Bonus: What’s happening here? It’s a gravel road bike race.

bike_race.jpg

Reader Mike Vanderscheuren sent this photo this morning:

Bob, I thought you might be interested in this semi-insane bike race which takes place in Spring Valley, MN called the Almonzo 100. On Saturday, 500 riders started what turned out to be a brutal day on the bike – 40 degrees, rainy and muddy. The conditions were so bad, only about 100 riders finished, with the last riders coming in at around 1am. Unlike other sponsored races, there is no entry fee for this event. It is totally unsupported (meaning you are on your own – for all food and water, mechanical etc.) and 99% of the ride is on gravel back roads. It is becoming a cult-classic among local cyclists, with the conditions only adding to the folklore. On other interesting thing is, while it does attract the race crowd, the $0 entry fee and promise of physical challenge attracts cyclists of all kinds.

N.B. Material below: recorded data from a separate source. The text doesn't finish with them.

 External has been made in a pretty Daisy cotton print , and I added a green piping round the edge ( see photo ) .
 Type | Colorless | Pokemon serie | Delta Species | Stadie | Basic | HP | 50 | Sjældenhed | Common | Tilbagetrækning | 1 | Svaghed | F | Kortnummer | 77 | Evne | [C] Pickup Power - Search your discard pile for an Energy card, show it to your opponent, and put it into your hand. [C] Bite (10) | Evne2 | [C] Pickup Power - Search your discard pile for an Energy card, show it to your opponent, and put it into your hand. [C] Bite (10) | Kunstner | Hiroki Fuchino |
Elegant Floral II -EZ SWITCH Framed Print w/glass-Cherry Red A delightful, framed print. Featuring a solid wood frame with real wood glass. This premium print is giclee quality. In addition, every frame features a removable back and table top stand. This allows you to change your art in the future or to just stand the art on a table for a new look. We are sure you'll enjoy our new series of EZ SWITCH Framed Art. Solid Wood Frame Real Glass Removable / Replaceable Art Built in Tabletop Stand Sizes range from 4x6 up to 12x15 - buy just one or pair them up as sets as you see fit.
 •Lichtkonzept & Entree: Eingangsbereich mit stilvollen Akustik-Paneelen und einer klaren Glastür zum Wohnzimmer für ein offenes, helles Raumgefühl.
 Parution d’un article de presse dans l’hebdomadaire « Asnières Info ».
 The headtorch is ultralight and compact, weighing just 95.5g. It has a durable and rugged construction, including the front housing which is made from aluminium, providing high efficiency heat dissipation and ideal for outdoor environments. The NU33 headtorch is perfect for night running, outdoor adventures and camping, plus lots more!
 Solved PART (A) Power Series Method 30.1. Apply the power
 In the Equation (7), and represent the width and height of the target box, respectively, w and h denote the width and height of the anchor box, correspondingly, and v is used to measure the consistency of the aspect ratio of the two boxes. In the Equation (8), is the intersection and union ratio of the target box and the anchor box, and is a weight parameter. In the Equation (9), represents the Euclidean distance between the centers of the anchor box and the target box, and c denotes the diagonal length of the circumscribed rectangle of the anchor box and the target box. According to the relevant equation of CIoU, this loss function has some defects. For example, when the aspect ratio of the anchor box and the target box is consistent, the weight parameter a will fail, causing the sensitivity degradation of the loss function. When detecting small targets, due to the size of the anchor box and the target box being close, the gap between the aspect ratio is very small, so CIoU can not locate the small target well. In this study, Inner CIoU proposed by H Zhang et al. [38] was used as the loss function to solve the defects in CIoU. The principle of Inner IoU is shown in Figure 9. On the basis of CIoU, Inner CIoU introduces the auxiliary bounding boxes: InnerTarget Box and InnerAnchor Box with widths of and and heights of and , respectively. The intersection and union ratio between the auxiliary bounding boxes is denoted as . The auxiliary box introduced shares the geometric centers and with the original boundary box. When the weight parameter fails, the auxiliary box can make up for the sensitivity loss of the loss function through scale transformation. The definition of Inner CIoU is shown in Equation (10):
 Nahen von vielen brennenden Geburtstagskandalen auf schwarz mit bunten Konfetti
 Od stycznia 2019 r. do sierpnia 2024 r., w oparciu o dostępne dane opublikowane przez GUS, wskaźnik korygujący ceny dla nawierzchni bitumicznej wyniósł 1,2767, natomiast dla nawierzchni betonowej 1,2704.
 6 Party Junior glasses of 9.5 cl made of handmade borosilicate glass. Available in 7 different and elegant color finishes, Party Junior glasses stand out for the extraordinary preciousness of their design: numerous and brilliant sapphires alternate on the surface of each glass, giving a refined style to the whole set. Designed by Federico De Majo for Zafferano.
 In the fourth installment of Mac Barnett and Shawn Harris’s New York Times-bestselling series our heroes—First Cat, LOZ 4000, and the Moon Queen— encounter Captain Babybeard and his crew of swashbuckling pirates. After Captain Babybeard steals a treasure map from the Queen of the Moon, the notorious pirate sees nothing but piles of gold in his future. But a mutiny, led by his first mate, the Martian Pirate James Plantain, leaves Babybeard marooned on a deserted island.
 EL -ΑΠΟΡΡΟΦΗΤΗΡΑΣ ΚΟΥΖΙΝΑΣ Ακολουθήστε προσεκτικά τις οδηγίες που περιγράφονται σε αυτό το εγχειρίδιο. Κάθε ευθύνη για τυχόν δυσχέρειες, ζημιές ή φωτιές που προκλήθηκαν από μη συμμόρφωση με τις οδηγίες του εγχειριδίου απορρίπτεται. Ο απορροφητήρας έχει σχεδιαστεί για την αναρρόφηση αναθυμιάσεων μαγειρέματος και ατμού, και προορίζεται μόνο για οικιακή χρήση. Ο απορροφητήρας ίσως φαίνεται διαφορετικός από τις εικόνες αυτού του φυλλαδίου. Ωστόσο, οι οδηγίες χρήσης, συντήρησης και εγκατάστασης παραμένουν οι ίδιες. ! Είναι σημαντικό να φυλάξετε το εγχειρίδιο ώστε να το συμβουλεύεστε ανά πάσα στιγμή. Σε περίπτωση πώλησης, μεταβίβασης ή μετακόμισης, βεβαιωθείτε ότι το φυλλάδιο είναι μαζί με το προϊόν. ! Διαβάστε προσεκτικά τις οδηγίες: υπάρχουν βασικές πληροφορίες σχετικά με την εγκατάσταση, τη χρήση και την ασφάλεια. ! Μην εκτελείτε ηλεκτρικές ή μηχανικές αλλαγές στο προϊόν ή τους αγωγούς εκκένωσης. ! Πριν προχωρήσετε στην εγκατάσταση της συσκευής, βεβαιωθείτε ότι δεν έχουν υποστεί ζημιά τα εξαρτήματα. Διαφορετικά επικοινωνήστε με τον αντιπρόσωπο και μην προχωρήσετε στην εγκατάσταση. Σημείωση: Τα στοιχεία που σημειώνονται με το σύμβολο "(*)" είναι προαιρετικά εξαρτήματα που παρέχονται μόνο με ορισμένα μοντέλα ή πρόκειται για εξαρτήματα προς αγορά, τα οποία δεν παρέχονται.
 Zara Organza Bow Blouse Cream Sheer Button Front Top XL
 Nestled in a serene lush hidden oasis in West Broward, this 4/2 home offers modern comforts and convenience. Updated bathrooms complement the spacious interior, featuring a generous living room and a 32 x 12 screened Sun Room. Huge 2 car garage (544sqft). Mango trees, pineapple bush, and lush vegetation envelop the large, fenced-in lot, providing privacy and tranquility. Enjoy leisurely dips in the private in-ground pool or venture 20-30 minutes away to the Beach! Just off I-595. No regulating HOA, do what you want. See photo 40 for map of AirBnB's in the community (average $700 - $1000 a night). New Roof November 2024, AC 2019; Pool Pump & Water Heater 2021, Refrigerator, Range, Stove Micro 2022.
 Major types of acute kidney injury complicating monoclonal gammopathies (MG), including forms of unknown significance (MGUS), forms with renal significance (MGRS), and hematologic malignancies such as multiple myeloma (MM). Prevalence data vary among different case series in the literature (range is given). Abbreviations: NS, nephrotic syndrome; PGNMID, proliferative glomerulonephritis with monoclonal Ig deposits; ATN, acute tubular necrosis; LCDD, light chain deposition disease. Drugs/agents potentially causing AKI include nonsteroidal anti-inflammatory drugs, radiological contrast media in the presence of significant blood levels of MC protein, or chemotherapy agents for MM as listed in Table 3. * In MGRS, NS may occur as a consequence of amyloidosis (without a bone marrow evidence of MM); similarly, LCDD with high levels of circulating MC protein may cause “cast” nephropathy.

Full disclosure – my company is a sponsor of the event – we donate prizes and a small amount of money $250 to support the race director’s efforts.

The photo was taken Saturday by Eric Leugers. Here’s the race blog.

TODAY’S QUESTION

Today MPR News begins a series of reports exploring the issue of bullying and what can be done to address it. Today’s Question: What’s been your experience with bullying?

WHAT WE’RE DOING

Midmorning (9-11 a.m.) – First hour: Democrat legislative leaders discuss the effort to come up with a budget.

Second hour: . Is today’s popular music indicative of increasing self-absorption, or is defining a generation by the billboard charts a bit of a stretch?

Midday (11 a.m. – 1 p.m.) – First hour: Republican legislative leaders discuss the effort to come up with a budget.

Second hour: Former National security advisor General James Jones at the National Press Club.

Talk of the Nation (1-3 p.m.) – First hour: TBA

Second hour: Recovery after brain injuries.

All Things Considered (3-6:30 p.m.) – In the kickoff to his week-long series, MPR’s Tom Weber reports on what Minnesota could be doing to respond to bullying in its schools.

MPR’s Tim Post says the University of Minnesota’s law school expects to lose most, if not all, of its state funding this year as lawmakers consider cuts to higher education funding. He’ll examine the impact.